The task calls for the lines from the start of the entries below through the line with "Calender Month |", given again verbatim, with every picture dropped.

_____

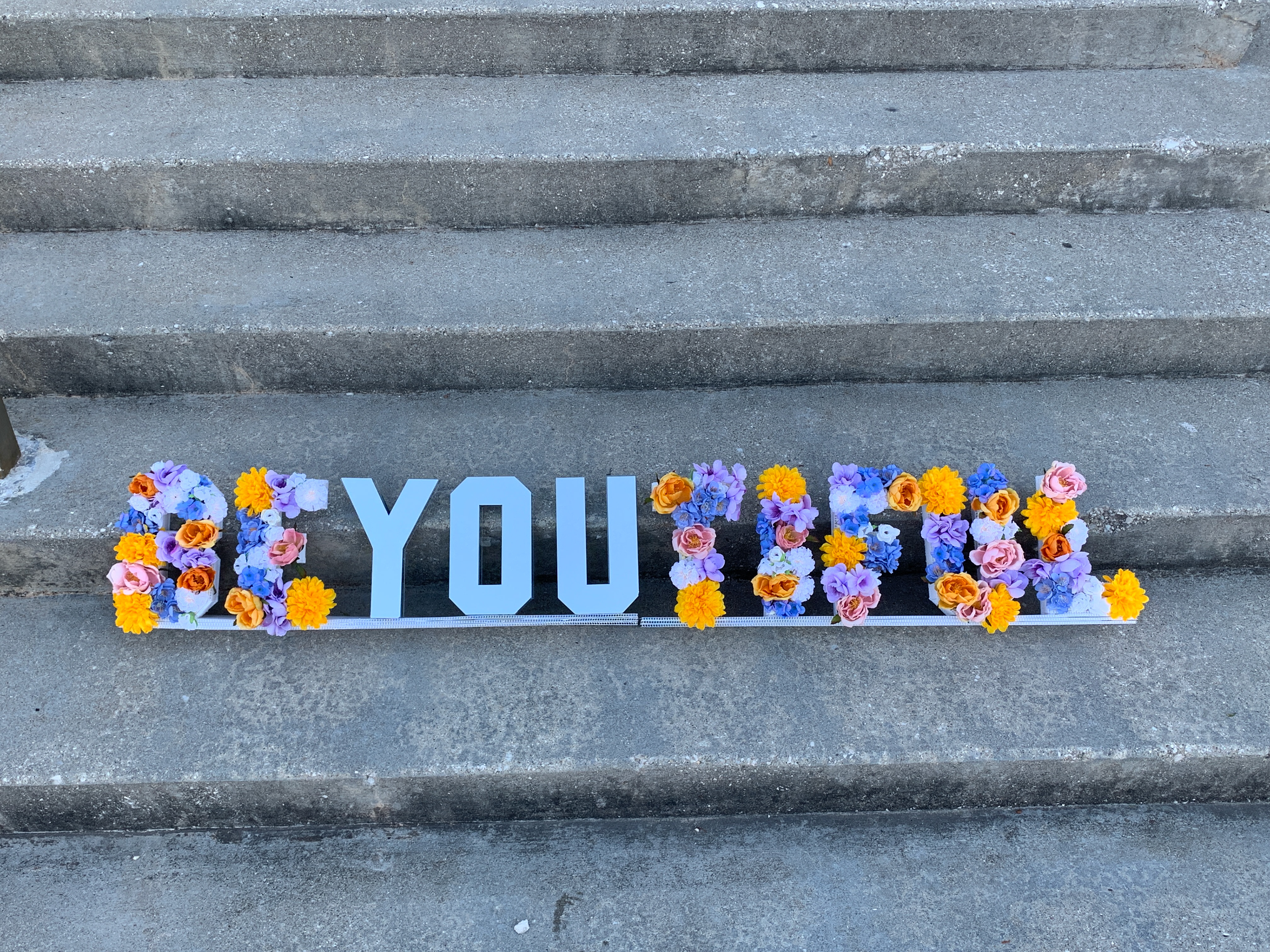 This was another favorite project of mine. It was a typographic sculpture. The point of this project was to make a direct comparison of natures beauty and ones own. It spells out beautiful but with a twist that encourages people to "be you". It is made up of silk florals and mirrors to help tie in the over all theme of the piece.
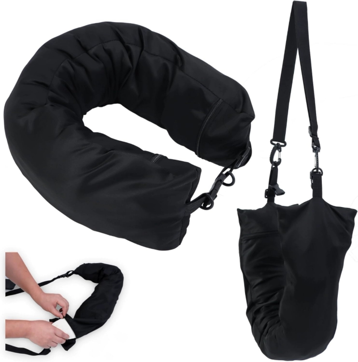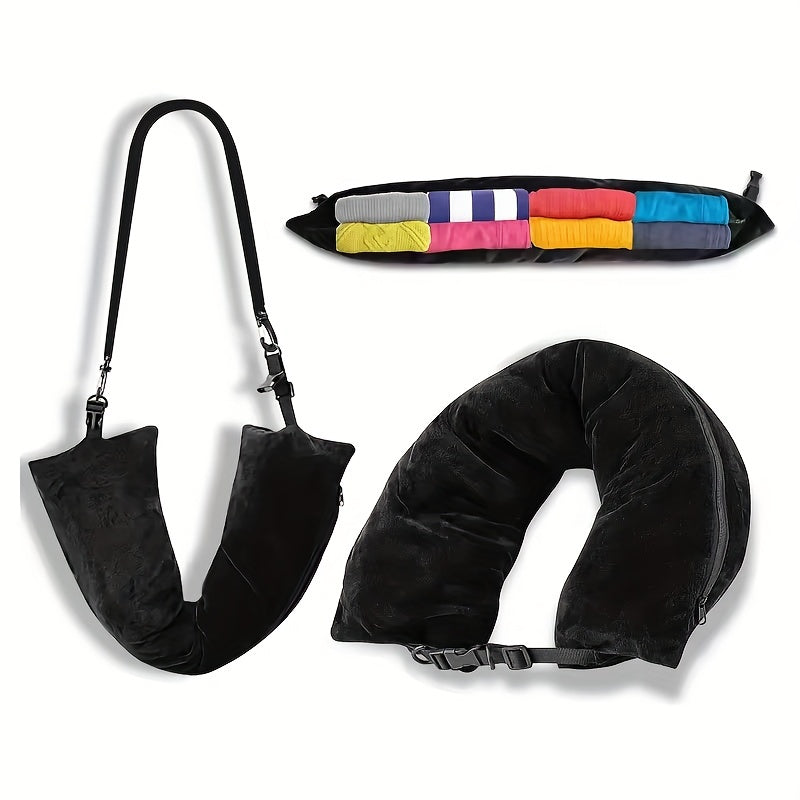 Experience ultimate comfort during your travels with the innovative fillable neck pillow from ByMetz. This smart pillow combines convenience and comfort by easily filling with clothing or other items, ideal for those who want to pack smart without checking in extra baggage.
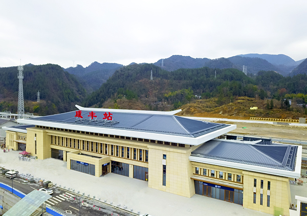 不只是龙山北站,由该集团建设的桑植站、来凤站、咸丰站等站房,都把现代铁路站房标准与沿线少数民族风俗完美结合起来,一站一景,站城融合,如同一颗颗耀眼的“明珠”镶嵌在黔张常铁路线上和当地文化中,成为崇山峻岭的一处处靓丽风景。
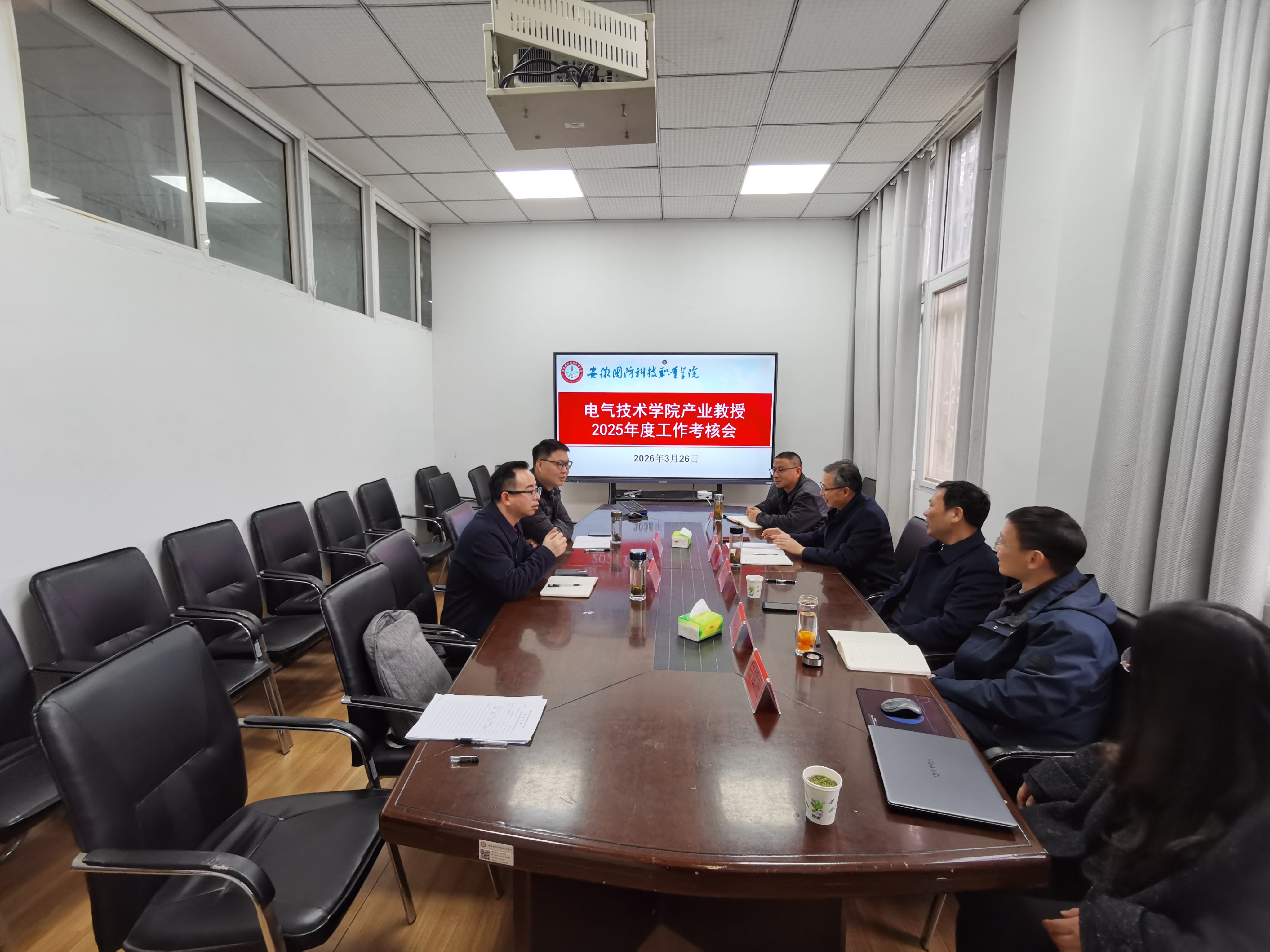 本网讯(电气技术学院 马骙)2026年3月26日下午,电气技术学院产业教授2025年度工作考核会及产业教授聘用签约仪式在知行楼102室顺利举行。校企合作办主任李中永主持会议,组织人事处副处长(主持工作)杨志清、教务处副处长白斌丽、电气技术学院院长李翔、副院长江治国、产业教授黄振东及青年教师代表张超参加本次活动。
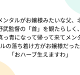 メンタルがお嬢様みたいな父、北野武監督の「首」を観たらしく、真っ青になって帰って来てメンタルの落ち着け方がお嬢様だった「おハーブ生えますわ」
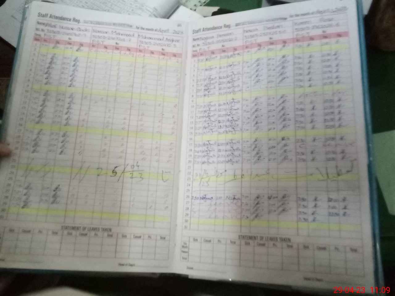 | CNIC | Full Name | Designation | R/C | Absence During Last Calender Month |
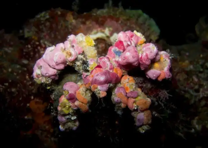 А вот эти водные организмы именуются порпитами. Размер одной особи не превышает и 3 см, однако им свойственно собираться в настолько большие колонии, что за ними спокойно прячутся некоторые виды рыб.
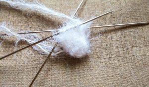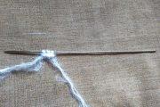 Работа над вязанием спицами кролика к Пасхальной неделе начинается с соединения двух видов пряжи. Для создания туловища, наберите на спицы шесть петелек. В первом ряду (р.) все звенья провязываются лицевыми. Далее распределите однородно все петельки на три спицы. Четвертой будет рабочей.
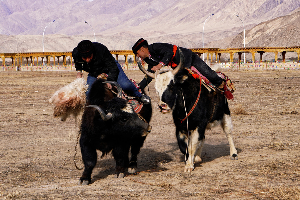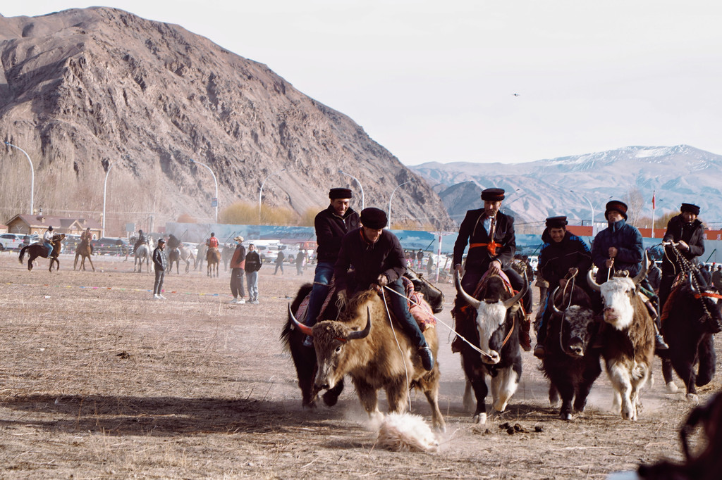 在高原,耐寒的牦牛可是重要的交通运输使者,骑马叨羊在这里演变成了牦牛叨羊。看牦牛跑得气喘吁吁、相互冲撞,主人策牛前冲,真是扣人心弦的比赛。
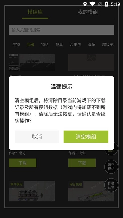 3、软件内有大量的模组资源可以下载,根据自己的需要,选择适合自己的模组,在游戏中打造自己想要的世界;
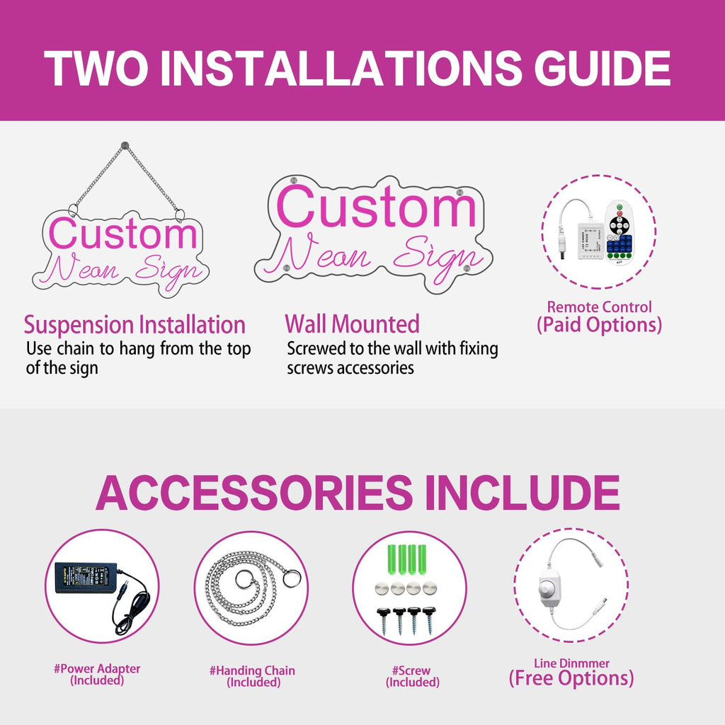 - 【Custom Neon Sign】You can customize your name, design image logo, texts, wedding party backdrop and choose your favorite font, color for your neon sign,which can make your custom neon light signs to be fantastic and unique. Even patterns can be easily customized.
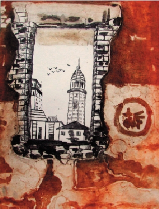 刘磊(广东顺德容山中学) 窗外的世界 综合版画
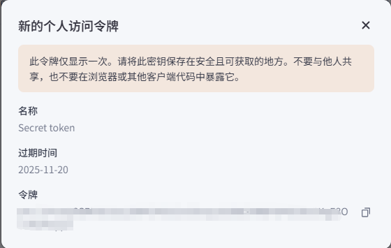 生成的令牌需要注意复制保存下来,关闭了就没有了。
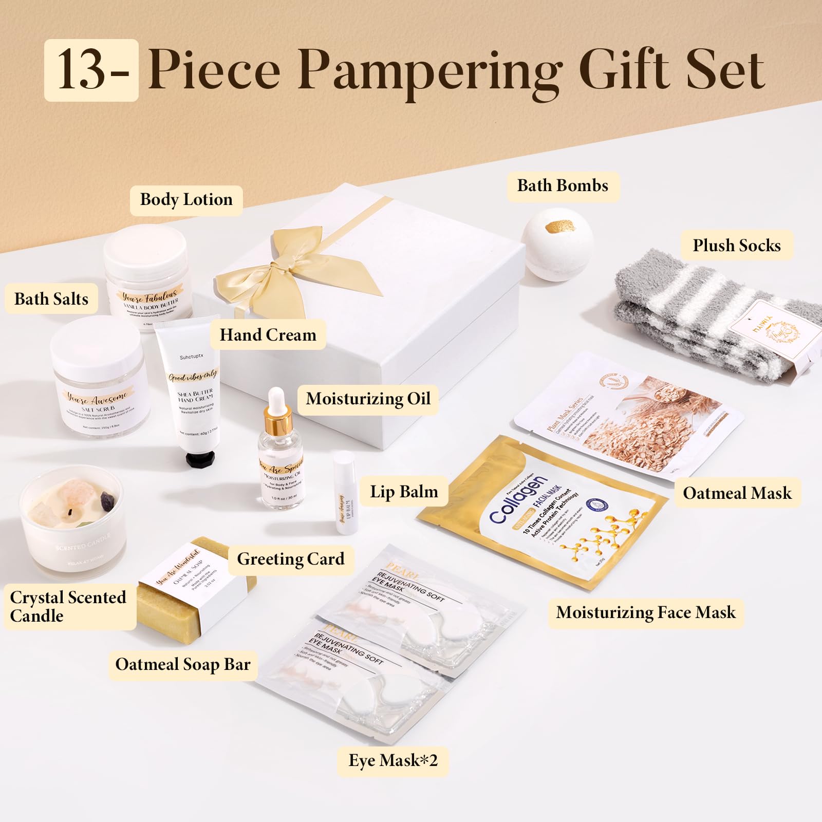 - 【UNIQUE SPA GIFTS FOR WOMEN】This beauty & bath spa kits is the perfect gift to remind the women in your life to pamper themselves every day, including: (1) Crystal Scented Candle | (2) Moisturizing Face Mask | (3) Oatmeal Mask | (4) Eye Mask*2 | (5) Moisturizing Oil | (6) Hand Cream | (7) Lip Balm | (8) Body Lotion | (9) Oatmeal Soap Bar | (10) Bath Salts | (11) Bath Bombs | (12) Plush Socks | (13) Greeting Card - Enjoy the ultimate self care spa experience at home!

_____

TASK SOLUTION:
 This was another favorite project of mine. It was a typographic sculpture. The point of this project was to make a direct comparison of natures beauty and ones own. It spells out beautiful but with a twist that encourages people to "be you". It is made up of silk florals and mirrors to help tie in the over all theme of the piece.
 Experience ultimate comfort during your travels with the innovative fillable neck pillow from ByMetz. This smart pillow combines convenience and comfort by easily filling with clothing or other items, ideal for those who want to pack smart without checking in extra baggage.
 不只是龙山北站,由该集团建设的桑植站、来凤站、咸丰站等站房,都把现代铁路站房标准与沿线少数民族风俗完美结合起来,一站一景,站城融合,如同一颗颗耀眼的“明珠”镶嵌在黔张常铁路线上和当地文化中,成为崇山峻岭的一处处靓丽风景。
 本网讯(电气技术学院 马骙)2026年3月26日下午,电气技术学院产业教授2025年度工作考核会及产业教授聘用签约仪式在知行楼102室顺利举行。校企合作办主任李中永主持会议,组织人事处副处长(主持工作)杨志清、教务处副处长白斌丽、电气技术学院院长李翔、副院长江治国、产业教授黄振东及青年教师代表张超参加本次活动。
 メンタルがお嬢様みたいな父、北野武監督の「首」を観たらしく、真っ青になって帰って来てメンタルの落ち着け方がお嬢様だった「おハーブ生えますわ」
 | CNIC | Full Name | Designation | R/C | Absence During Last Calender Month |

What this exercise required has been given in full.